За мартовскими событиями 1917 года в Хабаровске День взятия Бастилии, как сказал классик, чуть было не прошел зря, но редакция «Старых газет» вовремя спохватилась. 😄
Итак, 14 июля 1789 года доблестные французы захватили и разрушили оплот феодальной тирании, подкинули дров в уже вполне закипающую буржуазную революцию, а попутно выпустили из тюрьмы маркиза де Сада, который в этой самой Бастилии сидел (чисто случайно получилось, никто не планировал специально). Говорят, именно этот главный садист всех времен и народов закричал в окно «Здесь избивают заключенных!», что стало окончательным катализатором вооруженного бунта.
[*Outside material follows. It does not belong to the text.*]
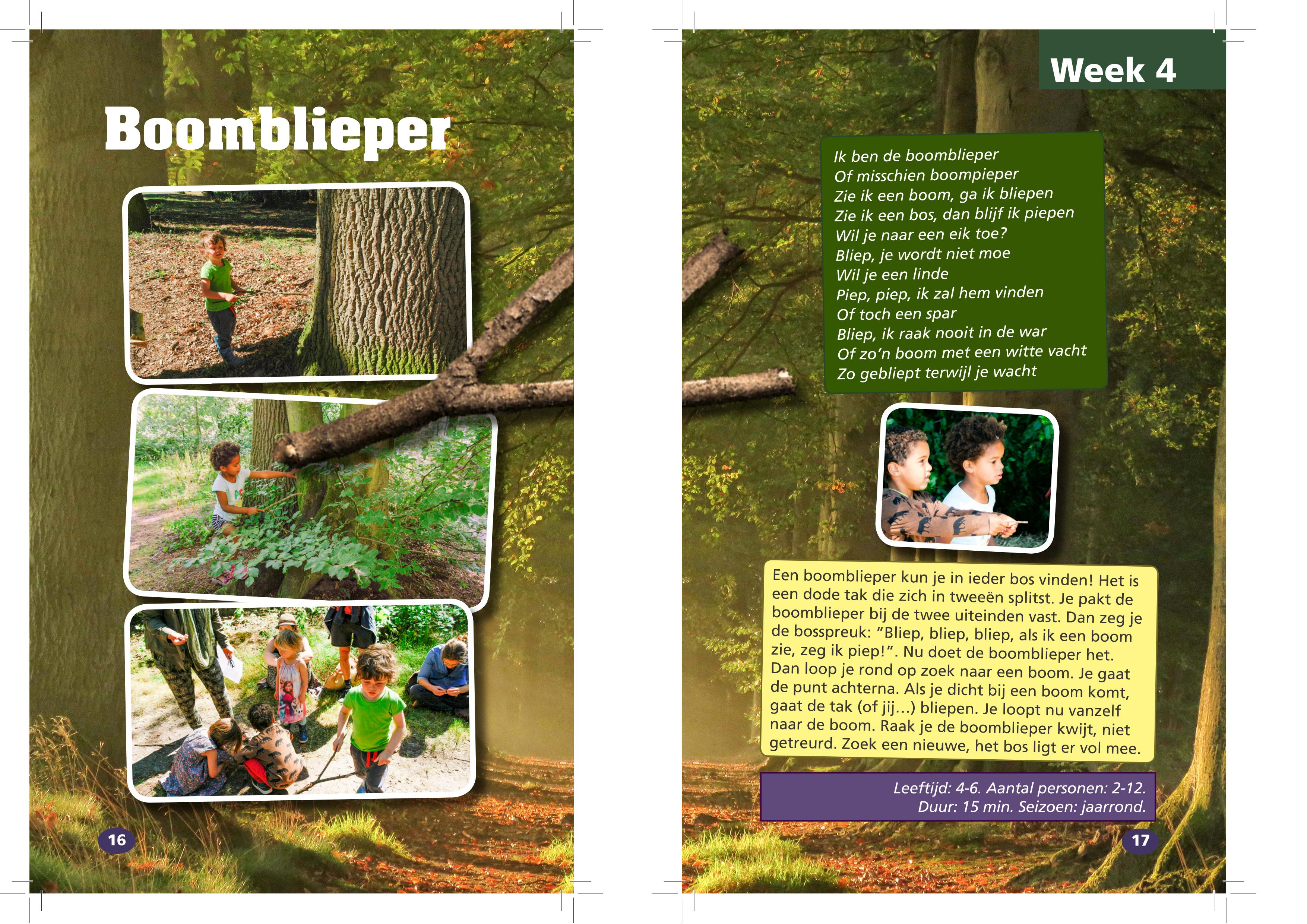Gebruik een boomblieper of ga sumoworstelen op een boomstronk. Per week een boomactiviteit passend bij die periode. Een heel jaar boomplezier voor de leeftijdsgroepen: 4-6 jaar, 6-10 jaar en 16+. De meeste ideeën zijn nieuw. Voor iedereen die op speelse wijze de natuur in gaat. De activiteiten zijn aangevuld met achtergrondinformatie en Gekke weetjes. Welke rare boom heeft bladeren met aan twee kanten bladgroen??

Очень символично с учетом последующих событий. 👍🏻
Непосредственно причиной взрыва народного возмущения стала …как все похоже… отставка Жака Неккера, который пытался проводить экономические реформы и заставлял королевский двор несколько ужаться в тратах на себя.
К столетию событий 14 июля в Париже журнал «Нива» (№22, 1889 г) выпустил статью с говорящим больше о России времен Александра III, чем о революционной Франции названием: «Кровавая годовщина во Франции (1789 – 1889)».
От текста веет очень качественным верноподданничеством, также проскакивает интересная информация о смене вектора оценки Французской революции по сравнению с оценками, бывшими еще недавно. Эпоха Победоносцева и неустанные труды его на усиление благонамеренных скреп в полной мере отражена в данной статье.
«Французскіе республиканцы, въ связи съ текущею парижскую выставкой, празднуютъ столѣтнюю годовщину событія, которое нѣкогда, сравнительно еще недавно, считалось международною, всемірною эрой, въ родѣ паденія Западной Римской Имперіи, бѣгства Магомета, Крестовыхъ походовъ, открытія Америки и т.п.. Стоя у подножія башни – нельзя вѣрно опредѣлить ея высоту, которая кажется громадною; нужно отодвинуться отъ этого событія на приличное разстояніе, окинуть его безпристрастнымъ взглядомъ со всѣхъ сторонъ и опредѣлить его точныя размѣры.
Кто на своемъ вѣку не читалъ громкихъ фразъ о «великой революціи», о пресловутыхъ «принципахъ 1789 года», о «правахъ человѣка», о дѣятеляхъ «конвента» и «комитета общественнаго спасенія», этихъ якобы благодѣтеляхъ человѣчества, обновившихъ миръ крещеніемъ въ морѣ пролитой ими крови? Фразами этими недавно еще переполнены были чуть не всѣ книги, до учебниковъ исторіи включительно.
Нужны были десятки лѣтъ кропотливаго труда и критики, изслѣдованія документовъ, мемуаровъ и др. памятниковъ, словомъ всесторонняго изученія эпохи для того, чтобы люди и событія первой революціи предстали нашимъ глазамъ въ истинномъ ихъ видѣ и свѣтѣ; нужны были колоссальныя труды Карлейля, Зибеля, Тэна и др., для того, чтобы сорвать съ этихъ событій призрачный ореолъ, разобраться въ путаницѣ полу-искреннихъ увлеченій, пустозвонныхъ фразъ и всевозможной фальши, которыми сознательно или безсознательно окутывали ихъ историки и публицисты первой половины нашего вѣка, словно мумію въ безконѣчные свитки исписанные условными іероглифами.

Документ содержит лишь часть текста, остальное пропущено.